03-29-2020 Sunday Sermon
First Congregational Church
March 29, 2020
Fifth Sunday in Lent
Exodus 15:22-27 & Judges 6:17-24
“A Rose by Any Other Name: Jehovah Rapha & Yahweh Shalom”
Rev. Dinah Haag, preaching
This morning we are wrapping up this Lenten theme of names of God. Names are so interesting, because there’s generally always something behind the name. For instance, when you take a pen name ... that's a nom de plume. When you take a name for war, that's a nom de guerre. When you take a name for an eating contest, that's a nom de nom nom nom.
In my research for this morning’s message, I discovered that April 9th is National Name Yourself Day, a day that encourages individuals to change their names for one day. If anyone takes part in this event, I’d love to know, because, well, you know I would. For instance, you could fasten a toy frog to a headband, put it on your head and call yourself Lily that day. (Frog on lily.) Or you could fasten a little shovel onto a beanie hat and call yourself Doug. (dug) Or you could find a friend and each of you could each wear an old window frame, and you could be Curt ’n Rod. (This is the point where I’m so sad that I can’t hear all the groans and giggles.)
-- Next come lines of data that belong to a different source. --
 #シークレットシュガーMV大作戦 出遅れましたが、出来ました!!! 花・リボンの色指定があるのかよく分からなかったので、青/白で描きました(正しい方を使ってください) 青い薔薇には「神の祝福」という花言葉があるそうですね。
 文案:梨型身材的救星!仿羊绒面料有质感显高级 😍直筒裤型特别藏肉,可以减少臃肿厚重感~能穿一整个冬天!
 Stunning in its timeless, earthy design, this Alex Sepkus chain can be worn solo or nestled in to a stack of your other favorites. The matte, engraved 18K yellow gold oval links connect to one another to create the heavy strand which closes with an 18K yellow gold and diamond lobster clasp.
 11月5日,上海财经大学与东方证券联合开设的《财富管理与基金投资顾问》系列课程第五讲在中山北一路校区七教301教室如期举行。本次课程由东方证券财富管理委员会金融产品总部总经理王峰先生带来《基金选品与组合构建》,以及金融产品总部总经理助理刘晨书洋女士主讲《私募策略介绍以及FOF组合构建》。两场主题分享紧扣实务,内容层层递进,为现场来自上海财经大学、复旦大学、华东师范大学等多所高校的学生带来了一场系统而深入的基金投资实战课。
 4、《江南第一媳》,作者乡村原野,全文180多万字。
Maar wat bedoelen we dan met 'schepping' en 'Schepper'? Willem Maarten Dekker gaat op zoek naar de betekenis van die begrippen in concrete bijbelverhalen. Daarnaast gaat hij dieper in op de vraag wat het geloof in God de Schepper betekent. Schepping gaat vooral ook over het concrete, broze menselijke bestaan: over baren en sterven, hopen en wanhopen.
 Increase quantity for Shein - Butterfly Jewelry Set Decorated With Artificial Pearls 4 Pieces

Since some folks weren’t with us when we started this series, back when we were still shaking hands and hugging, according to ChristianAnswers.net, there are 955 names and titles of God in the Bible. We will have covered ten at the end of the day. If nothing else, maybe this shining of the flashlight on names of God will inspire a deeper, personal investigation into how we address God.
At the very least, it has been an unfolding miracle as there was no way of knowing that we would be in this place way back in November of last year, when I tucked away an article from iBelieve.com on these names of God. As much as I would like to think that I had such super-powers, I have to hand any accolades over to God.
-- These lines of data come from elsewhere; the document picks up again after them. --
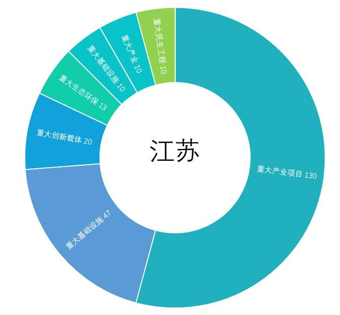 其中,重大產(chǎn)業(yè)項目又分為戰(zhàn)略新型產(chǎn)業(yè)、先進制造業(yè)、現(xiàn)代服務(wù)業(yè)和現(xiàn)代農(nóng)業(yè)四個小分類。其中,以新一代信息技術(shù)、高端裝備、生物、新材料為主的戰(zhàn)略新型產(chǎn)業(yè)項目數(shù)量達到70個,是江蘇省投資力度最大領(lǐng)域。
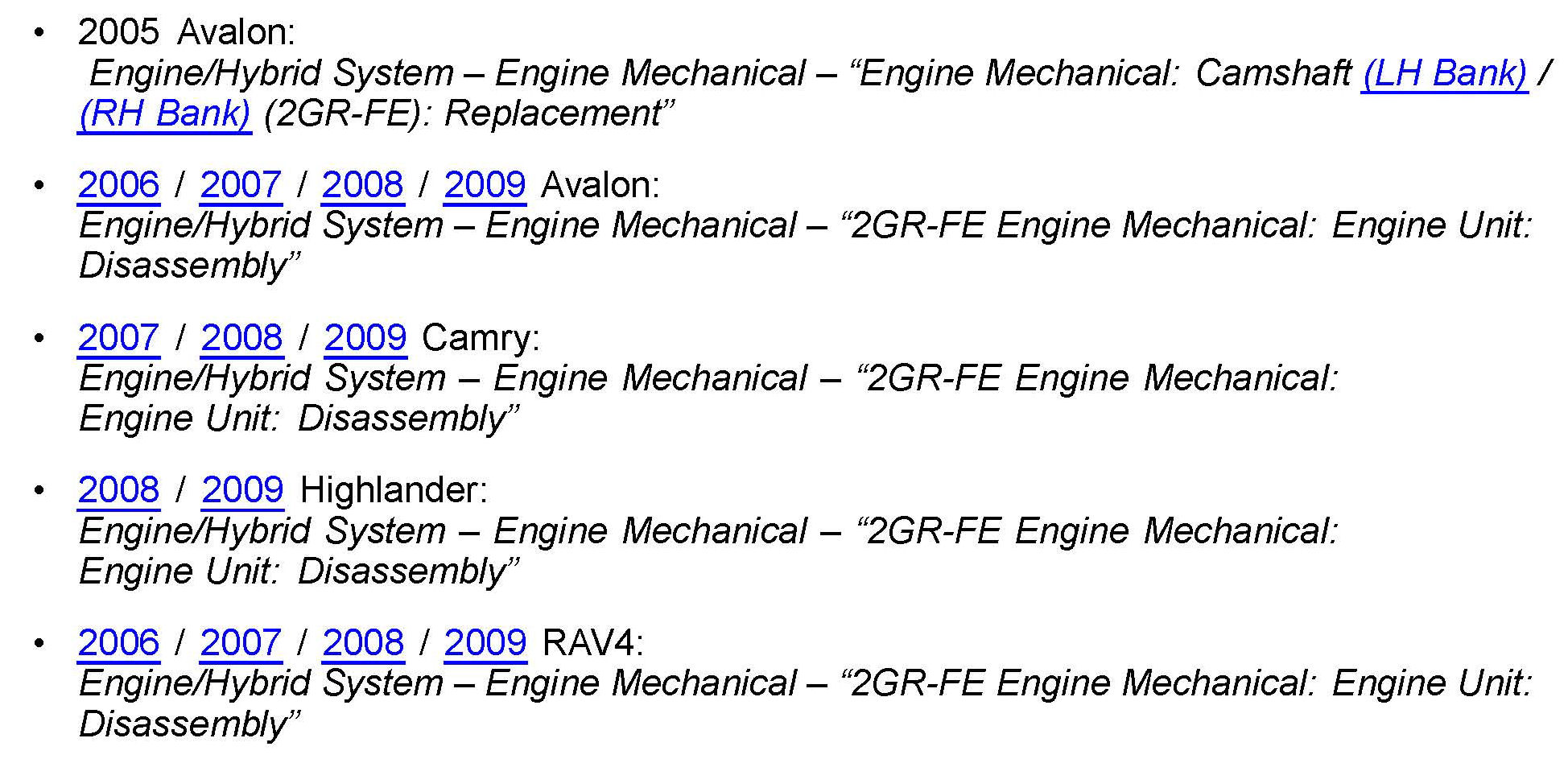 ^ Applicability has been updated to include 2009 model year Venza.
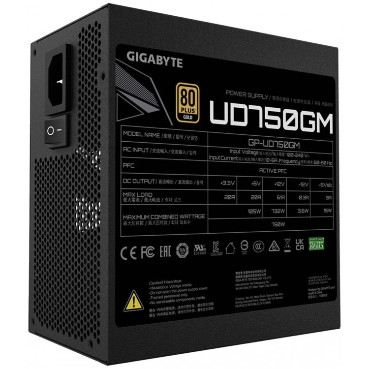 Благодаря активному PFC и стандарту эффективности 80 PLUS Gold, блок питания GIGABYTE GP-UD750GM PG5 V2 не только мощный, но и энергоэффективный. Система охлаждения с одним вентилятором диаметром 120 мм обеспечивает тихую и надёжную работу.
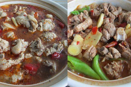 将干净的砂锅置于火上,放入烫过的鸭块,加适量花椒粒、胡椒粒、干辣椒和大蒜,烹入适量料酒,加少许冰糖,注入足量清水没过鸭块,加盖,调至大火烧开。烧开之后,调至小火,开盖,加入适量豆瓣酱和生抽,加盖,继续煲四十分钟。四十分钟后,开盖,加入姜片和青椒段,加盖继续煲几分钟即可熄火。

We began with Yahweh: God’s formal name and Elohim is God’s creative power and might side. The next week, the focus was on Abba and El Elyon week - God’s familiar name like Daddy and God’s High Domain, theoretically and spatially speaking. Then we explored El Roi - the God Who Sees our situations and El Shaddai, the God who is Almighty, in whom lies our peace and safety. Last week took us to Yahweh Yireh, which is our God of Provision and Yahweh Nissi - our God of enveloping protection. Today we get to Jehovah Rapha - God as Healer and Yahweh Shalom - The Lord Is Peace.
Before getting to the scripture passages, which are Exodus 15 & Judges 6, a little background. To set up the Exodus passage, Moses and the Israelites were starting on their 40 year jaunt into the desert. The first Passover had happened, when God had finished all the plagues and the Pharaoh had freed the Hebrew people. Enter Charleton Heston and the Ten Commandments movie, and the people passing through the Red Sea. It was probably a tad different than that, but I’m guessing you already knew that.
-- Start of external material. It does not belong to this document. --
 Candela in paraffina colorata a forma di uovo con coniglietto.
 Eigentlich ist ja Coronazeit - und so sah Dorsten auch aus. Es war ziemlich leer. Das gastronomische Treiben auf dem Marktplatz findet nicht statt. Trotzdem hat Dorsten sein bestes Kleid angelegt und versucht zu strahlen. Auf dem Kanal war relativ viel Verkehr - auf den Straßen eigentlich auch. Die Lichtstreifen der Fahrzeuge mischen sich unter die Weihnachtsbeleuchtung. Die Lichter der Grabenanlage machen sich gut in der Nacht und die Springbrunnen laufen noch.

Anyway, they were right on the cusp of something of which they had no idea, and Moses and his sister, Miriam, had just had a little celebration for getting a huge number of people through to safety - like somewhere between 600,000 and a couple million people.
Exodus 15:22-27 The Waters of Marah and Elim
22 Then Moses led Israel from the Red Sea and they went into the Desert of Shur. For three days they traveled in the desert without finding water. 23 When they came to Marah, they could not drink its water because it was bitter. (That is why the place is called Marah.) 24 So the people grumbled against Moses, saying, “What are we to drink?”
25 Then Moses cried out to the Lord, and the Lord showed him a piece of wood. He threw it into the water, and the water became fit to drink.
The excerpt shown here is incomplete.